I grew up in an upper middle class family, everyone was either a physician or architect, and we never had family reunions. I’ve heard people talk about them, seen people wearing t-shirts indicating that they went to one, but it seems blue collar. I’ve also seen Instagram posts with captions such as “gays at a family reunion”.
Are family reunions for the lower class?
by Anonymous | reply 43 | July 26, 2021 4:52 PM |
There’s usually that one relative that’s passionate about them. In our family it was my grandmother’s brother who was also a local politician and prominent in his community if not upper class.
by Anonymous | reply 1 | July 25, 2021 3:00 PM |
Perhaps everyone in your family was a stuck up cunt like you and they all just hated each other?
by Anonymous | reply 2 | July 25, 2021 3:07 PM |
I think they’re generally lower class. Certainly if everyone is wearing a matching t-shirt and/or held at a shitty place like Disney World.
Getting together over the holidays and at the occasional birthday party should suffice.
by Anonymous | reply 3 | July 25, 2021 3:10 PM |
what an odd question
by Anonymous | reply 4 | July 25, 2021 3:14 PM |
We never had family reunions but everyone gathered at Thanksgiving.
by Anonymous | reply 5 | July 25, 2021 3:20 PM |
Family social events are not inherently low-class, you amoeba!
by Anonymous | reply 6 | July 25, 2021 3:25 PM |
OP is a racist cunt. Black families religiously have annual family reunions. It's a very cultural, binding ritual.
by Anonymous | reply 7 | July 25, 2021 3:27 PM |
My family can’t even get everyone together for a funeral,so I don’t think a reunion would work.
by Anonymous | reply 8 | July 25, 2021 3:28 PM |
ALSO OP: My trashy family wants to have a family reunion and my mother insists that I come. I am freaked out that all of my gay friends are going to figure out that I come from trash if they hear about this, so just in case, I am going to pretend to be UMC on DL and double check that these are as trashy as I thought. It would suck if people found out I went to Northwestern Nebraska Community College, not Northwestern like I tell people."
by Anonymous | reply 9 | July 25, 2021 3:30 PM |
"Certainly if everyone is wearing a matching t-shirt and/or held at a shitty place like Disney World"
This sums it up nicely. There's nothing wrong with getting together with your relatives but the second you involve matching t-shirts it becomes a lower class activity.

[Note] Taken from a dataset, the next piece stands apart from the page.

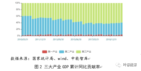 分產(chǎn)業(yè)看,10余年來,隨著我國經(jīng)濟結(jié)構(gòu)的轉(zhuǎn)型,三大產(chǎn)業(yè)對GDP的貢獻率發(fā)生明顯變化。2010至2019年,第三產(chǎn)業(yè)GDP貢獻率由39.7%上升至59.4%,增加接近20個百分點;第二產(chǎn)業(yè)GDP貢獻率由58.6%降至36.8%,下降21.8個百分點。三大產(chǎn)業(yè)貢獻率格局基本穩(wěn)定,第三產(chǎn)業(yè)成為拉動GDP的生力軍,其占比上升5.7個百分點;二產(chǎn)占比下降6.6個百分點。2019年,第三產(chǎn)業(yè)和城鄉(xiāng)居民生活用電量對全社會用電量增長的貢獻率達51.0%,比上年提高11.1個百分點,其中第三產(chǎn)業(yè)貢獻率比上年提高10.1個百分點,是支撐全社會用電量增長的主要動力。

by Anonymous | reply 10 | July 25, 2021 3:33 PM |
I think it’s cultural. Families in the part of Pennsylvania where some older members of my family live have huge family reunions every summer - some with several hundred people. Living in California, I almost never hear of such things happening here. Maybe small family get together a, but not the big to-dos I used to go to in my youth.
After researching genealogy for many years, I got on some family lists, many of which have these big annual family reunions. I’ve noticed it’s mostly the Pennsylvania Dutch families having the big blowout reunions (but that trend could just be due to my particular heritage).

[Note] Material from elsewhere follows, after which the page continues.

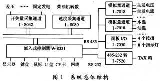 內燃機車各部件運行數據,尤其是機車運行中的動態參數,是分析和考核機車運行狀態的基礎。目前國內新出廠的機車都已配備了一定功能的機車車輛信 息監測系統,但早期生產的機車沒有此設備,另外不同管理模式對車輛信息監測系統的需求也不完全相同。DF4B/4C機車原有的機車安全信息綜合檢測裝置 (簡稱TAX 箱)記錄了部分車輛運行數據,但對車輛維護數據記錄的很少,即機車在牽引運用狀態下,機車各工況數據的動態記錄缺乏,不利于綜合利用各項監控數據對機車在 運用過程中反映出的各種狀況進行綜合分析。因此,我們開發了DF4B/4C機車車輛運行信息實時監測系統,與機車上原有的TAX記錄儀一起,實時記錄車輛 牽引運用時的油、電、水等系統的工況數據。通過數據分析軟件對機車運行數據進行分析判斷,掌握設備、部件的技術狀態,為機車的預防性維修、檢修提供真實的 依據。 1 設計思想 目前已經裝車的一些機車運行信息檢測裝置大多采用單片機設計,功能固定,性能簡單,不具靈活性與擴展性,無法在機車運行時現場分析運行數據。由多個單片機組成的系統沒有形成模塊化,給裝置本身的故障維修造成困難。 隨著以應用為中心的嵌入式系統性價比不斷提高,采用通用工業級嵌入式控制器做機車應用,可大大提高系統開發周期,提高系統可靠性及工作效率。 本機車運行信息實時檢測系統(裝置)主要應用于車頭,設計思想是:使用標準的工業級嵌入式控制器硬件,使用標準嵌入式操作系統,使用常規的外部 設備,例如標準鍵盤、通用顯示器、U盤、CF卡等。使用通用的可視化開發工具,利用網絡化開發環境,采用標準的工業級I/O通道,使裝置完全模塊化。搭積 木式的系統設計組織靈活、開發快捷、功能強大、可擴展性強。軟件可以在車上調試按需擴充,可以在機車運行現場進行數據分析,模塊化的結構使裝置本身的維修 非常方便。 2 系統硬件設計 2.1 系統功能需求 原 DF4B機車上的TAX監控裝置記錄了部分機車運行參數,例如時間標、車速、信號機號、公時標、總量、計長、量數、本機補機、貨客車、車次、區段號、車站 號、司機號、副司機號、機車號、機車型等信息。本項目在DF4B機車操作臺上安裝機車運行信息實時監測裝置,記錄機車的各種實時運行工況參數。除保留原車 上TAX監控裝置提供的各項機車運行參數外,根據維修的需要,增加差示壓力、空轉、接地、總過流、故障勵磁、固定發電、本車卸載、水溫、油溫、燃壓、滑 壓、輔助電壓、充放電流、6個電機分流、主電壓、主電流等采集參數。在列車運行過程中實時檢測和記錄機車動態運行數據。 2.2 系統硬件總體結構 根據系統功能需求,設計的系統硬件總體結構如圖1所示。

I don’t think it’s trashy to get together with a bunch of relatives for a big party. It helps understand one’s roots.
by Anonymous | reply 11 | July 25, 2021 4:11 PM |
The big, blow-out sort that seek to bring together every fourth cousin thrice removed from every hill and hollow... Trashy.
T-shirts are just an advertisement that the family is trashy.
by Anonymous | reply 12 | July 25, 2021 4:38 PM |
Rich families generally have ability to see each other as much as they want and summer and winter homes are usually justified as “places where the family can be together”.
by Anonymous | reply 13 | July 25, 2021 4:53 PM |
We had a large reunion when my grandfather turned 100. He had ten kids, so there were a LOT of people there. I thought it was fun and interesting. We got a big family tree put together.
by Anonymous | reply 14 | July 25, 2021 6:03 PM |
It does seem to be something that families who weren't very good about birth control tend to do.
Sounds like a horrible way to spend your money and a weekend. Somebody is going to start a fight. Somebody else is going to ask to borrow money. Somebody's spouse is going to get too friendly with another relative. Somebody's going to have something nasty to say about the food or somebody else in the family.
Count me out.
by Anonymous | reply 15 | July 25, 2021 6:12 PM |
So in modern culture, we say "lower class" when we disparage others with the intent to place ourselves in some superior positions. We we never use lower class when we analyze economic structures and practices to allow for huge disparities of income, and leverage government and economic policies not just to protect wealth, but to facilitate the further disproportionate accrual of wealth. Capital accrues to capital at the expense those without capital.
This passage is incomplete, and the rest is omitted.